The headpiece is of similar
construction.
There are no Negritos in Borneo, although they exist in the Malay
Peninsula and the Philippines, and our explorers have failed to obtain
any specimens of the "tailed" people in whose existence many of the
Brunai people believe. The late Sultan of Brunai gravely assured me
that there was such a tribe, and that the individuals composing it were
in the habit of carrying about chairs with them, in the seat of each of
which there was a little hole, in which the lady or gentleman carefully
inserted her or his tail before settling down to a comfortable chat.
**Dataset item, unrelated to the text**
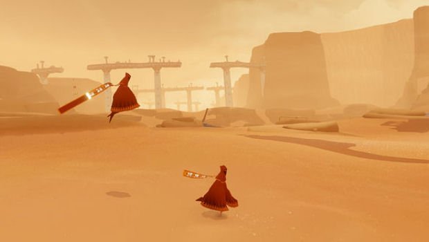 Co-op games often cause me to lose interest in a game. It’s hard to follow a story when you’ve got someone chatting in your ears, and it’s hard to enjoy a game while worrying about looking “bad” in front of another player. Journey, by stripping players of communication and identity, by placing them in a world where they simply explore together, has sidestepped all the usual issues of co-op gaming.

This belief in the existence of a tailed race appears to be widespread,
and in his "Pioneering in New Guinea" Mr. CHALMERS gives an amusing
account of a detailed description of such a tribe by a man who vowed _he
had lived with them_, and related how they were provided with long
sticks, with which to make holes in the ground before squatting down,
for the reception of their short stumpy tails! I think it is Mr. H. F.
ROMILLY who, in his interesting little work on the Western Pacific and
New Guinea, accounts for the prevalence of "yarns" of this class by
explaining that the natives regard Europeans as being vastly superior to
them in general knowledge and, when they find them asking such questions
as, for instance, whether there are tailed-people in the interior, jump
to the conclusion that the white men must have good grounds for
believing that they do exist, and then they gradually come to believe in
their existence themselves. There is, however, I think, some excuse for
the Brunai people's belief, for I have seen one tribe of Muruts who, in
addition to the usual small loin cloth, wear on their backs only a skin
of a long-tailed monkey, the tail of which hangs down behind in such a
manner as, when the men are a little distance off, to give one at first
glance the impression that it is part and parcel of the biped.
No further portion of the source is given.